I don’t know how this is best done. I simply know that sitting in Cambridge, even if amongst the brutalist architecture of Churchill College rather than in an ivory tower, is never going to be sufficient. I am a great admirer (and indeed a patron) of the Cambridge Science Centre that takes its exhibits out to the local area, in community centres and schools, for everyone to engage with. This is a fantastic way to start (which of course costs money to achieve) because it doesn’t rely on families and individuals making the trip into Cambridge. Furthermore it isn’t simply part of school lessons, which so many visits of scientists are (I have such a visit booked soon myself in a community college some way outside Cambridge). For many, the very fact a talk is part of the school curriculum is itself a turn off.
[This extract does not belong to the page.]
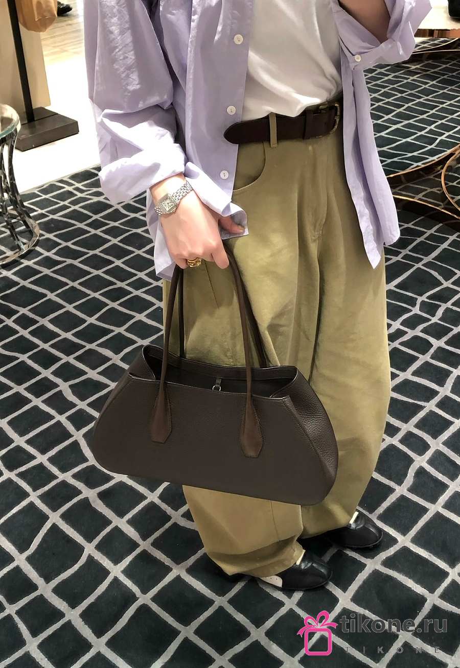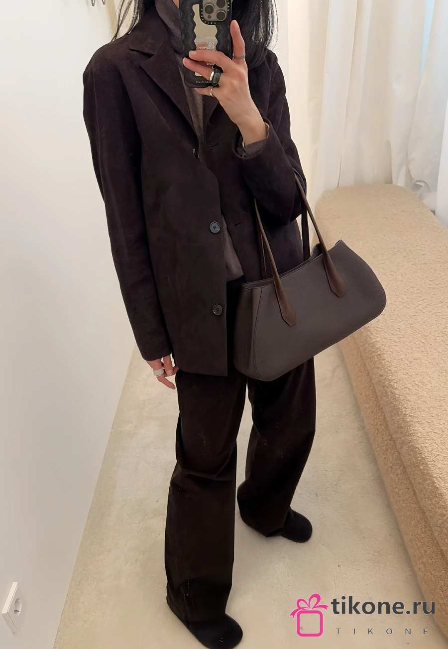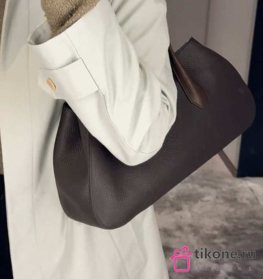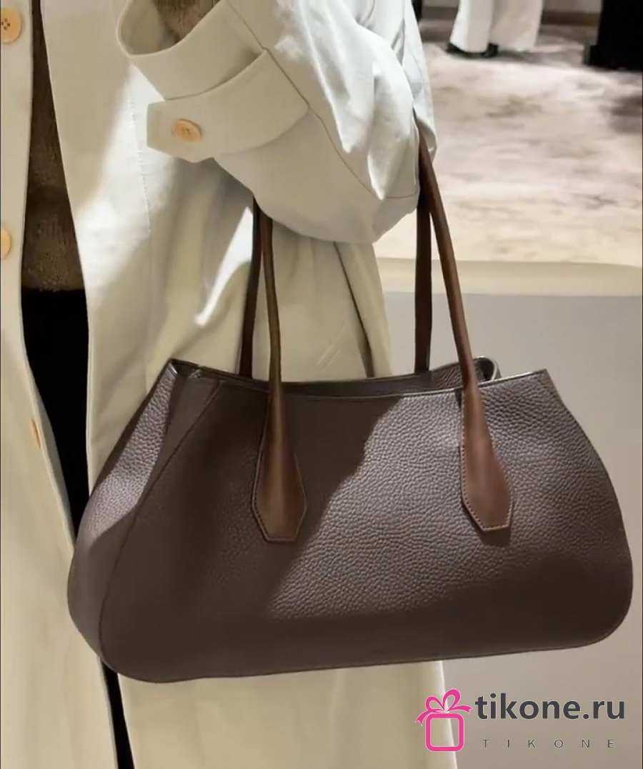 The Row Alger Shoulder Bag Textured Calfskin Leather in Brown - 39x9.5x19cm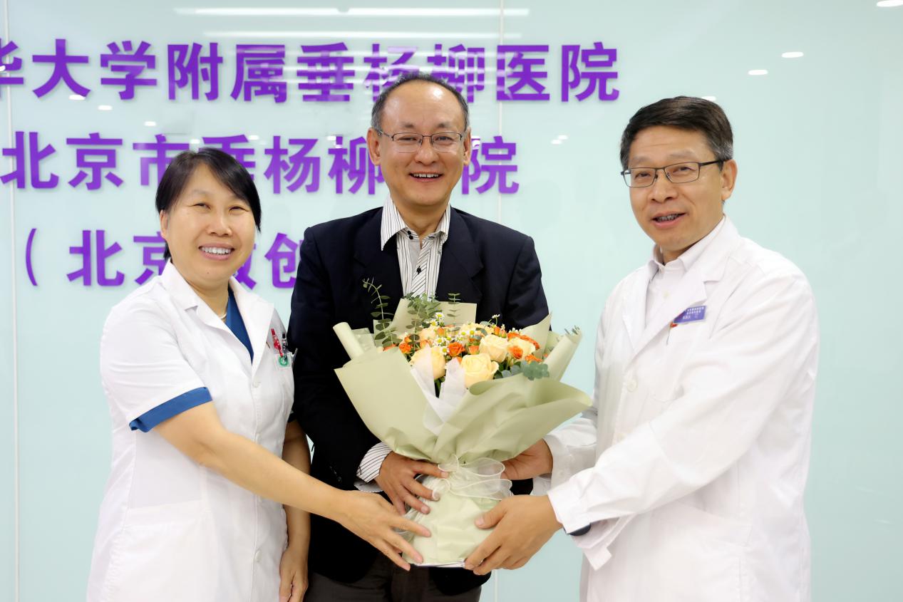 最后,张新庆和赵伟为对口支援干部程少为送上鲜花,以表示对他结束两年的对口支援任务回归医院表示欢迎。与会人员进行合影留念。

Soapbox Science is another fun way to interact with the public in ways that perhaps seem less threatening to the passing audience, as well as highlighting the fact that women can be scientists too. Nevertheless these activities could still be seen as trying to instruct and inform, rather than demonstrate relevance to the disaffected. If it were possible to get more science-based articles into the tabloids (as opposed only into the worthy science pages of something like the Guardian, as of course I occasionally do) that might reach a more diverse audience and so be constructive. The community has to reflect how best to engage and listen as well as inform.
Perhaps that is why the topic of AMR may be a good topic to start with because, whether they know it or not, everyone does have a stake in that. Collectively the science community has to recognize that their expertise is not seen as being of any relevance to far too many of our population. Work to do. Work to do in thinking again about how to optimise ‘public engagement’. For me, just trying to write this post in words that do not appear to imply a patronising arrogance towards others indicates personally I have my own work cut out.